DAK „prüft Anträge einzeln“
Die DAK indes argumentiert, ohne genaue Preisvergleiche der Kliniken anzuführen, mit Wirtschaftlichkeit: „Sofern mehrere Einrichtungen für die medizinische Versorgung eines Patienten geeignet sind, muss die Auswahl nach wirtschaftlichen Gesichtspunkten erfolgen. Das schreibt das Sozialgesetzbuch vor und ist für die gesetzlichen Krankenkassen bindend“, so Claus Uebel, Pressesprecher der DAK (Mainz) auf Anfrage dieser Redaktion. Stattdessen gehe die DAK folgendermaßen vor: Sie „prüft die Anträge der Versicherten einzeln und berücksichtigt dabei die individuelle Versorgungssituation der Patienten. Sofern diese eine andere Einrichtung wünschen, prüfen wir ebenfalls einzeln, ob eventuell anfallende Mehrkosten von der DAK-Gesundheit übernommen werden können oder vom Versicherten zu tragen sind.“
Mit dem Seniorenbeirat der Stadt Würzburg sei die DAK im Gespräch, und „auch mit den Würzburger Kliniken sind Gespräche zeitnah geplant.“
Versorgungsvertrag besteht auch mit DAK
Aus Sicht der Würzburger Seniorenvertretung ist es nicht verständlich, „dass die aus Expertensicht als zentral wichtig angesehene Wohnortnähe der geriatrischen Rehabilitation für DAK Patienten gegenüber ,wirtschaftlichen Gesichtspunkten' nachrangig gesehen und faktisch nicht berücksichtigt wird“. Schließlich hätten beide Würzburger Reha-Kliniken einen gültigen Versorgungsvertrag mit dem vdek, einem Verbund von Krankenkassen, dem auch die DAK angehört.

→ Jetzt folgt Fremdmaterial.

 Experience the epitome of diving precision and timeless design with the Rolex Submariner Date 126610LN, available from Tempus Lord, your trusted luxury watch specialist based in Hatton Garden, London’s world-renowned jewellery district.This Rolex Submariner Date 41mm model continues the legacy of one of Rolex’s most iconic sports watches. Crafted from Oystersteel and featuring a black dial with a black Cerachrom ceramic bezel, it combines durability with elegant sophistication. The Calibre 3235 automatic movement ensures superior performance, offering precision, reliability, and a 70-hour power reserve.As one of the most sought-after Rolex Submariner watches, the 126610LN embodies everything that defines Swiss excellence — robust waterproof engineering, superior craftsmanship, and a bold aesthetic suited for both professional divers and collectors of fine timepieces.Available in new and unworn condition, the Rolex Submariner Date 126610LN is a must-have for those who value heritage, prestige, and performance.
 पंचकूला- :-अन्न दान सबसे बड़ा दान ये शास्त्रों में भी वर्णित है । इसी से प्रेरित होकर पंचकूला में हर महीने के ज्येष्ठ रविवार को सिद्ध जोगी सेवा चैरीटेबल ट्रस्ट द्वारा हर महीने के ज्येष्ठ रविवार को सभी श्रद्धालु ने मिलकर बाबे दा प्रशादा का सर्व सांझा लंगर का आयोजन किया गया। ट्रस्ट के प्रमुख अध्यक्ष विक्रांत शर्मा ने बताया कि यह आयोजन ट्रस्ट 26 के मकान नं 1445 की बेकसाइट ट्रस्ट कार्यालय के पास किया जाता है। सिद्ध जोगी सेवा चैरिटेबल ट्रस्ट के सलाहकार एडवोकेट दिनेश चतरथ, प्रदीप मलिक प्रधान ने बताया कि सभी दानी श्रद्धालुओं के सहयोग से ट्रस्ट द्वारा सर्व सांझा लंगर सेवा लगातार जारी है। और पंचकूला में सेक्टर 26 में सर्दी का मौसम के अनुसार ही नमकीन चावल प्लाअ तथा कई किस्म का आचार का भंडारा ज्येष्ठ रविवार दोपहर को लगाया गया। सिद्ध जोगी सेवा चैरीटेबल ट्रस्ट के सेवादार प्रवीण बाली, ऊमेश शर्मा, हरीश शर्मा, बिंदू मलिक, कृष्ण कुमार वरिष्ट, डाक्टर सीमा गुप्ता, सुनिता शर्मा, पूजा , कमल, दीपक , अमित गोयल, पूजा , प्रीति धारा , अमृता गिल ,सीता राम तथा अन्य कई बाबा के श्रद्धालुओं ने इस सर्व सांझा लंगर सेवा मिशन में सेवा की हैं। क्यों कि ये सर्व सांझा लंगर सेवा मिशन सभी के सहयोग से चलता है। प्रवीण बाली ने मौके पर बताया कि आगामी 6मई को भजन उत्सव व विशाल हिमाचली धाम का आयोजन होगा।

Die Würzburger Seniorenvertretung möchte die wohnortnahe – von der Krankenkasse finanzierte – Versorgung auch für DAK-Versicherte sicher gestellt wissen, hat aber bisher, so Schwab, keine positive Antwort der DAK erhalten. Befürchtet wird nun, dass weniger DAK-Patienten Rehabilitationsmaßnahmen in Anspruch nehmen werden, obwohl sie medizinisch notwendig sind, wenn sich die derzeitige Situation nicht ändert.
DAK-Patienten nur noch Einzelfälle
Waren vor Mai 2015 circa 20 Prozent der Patienten in der geriatrischen Reha-Klinik des Bürgerspitals DAK-Versicherte, so Schwab – selbst Klinikleiter im Bürgerspital, so seien dies mittlerweile nur noch Einzelfälle. Auch in der AWO-Klinik Kantstraße seien DAK-Patienten nur noch seltene Ausnahmen. Alle müssten privat zuzahlen.
Inzwischen hätten die Würzburger Senioren die Landesseniorenvertretung, außerdem auch Landtagsabgeordnete und die Präsidentin des bayerischen Landtages, Barbara Stamm, informiert und um Unterstützung gebeten, erläuterte Schwab dem Seniorenbeirat.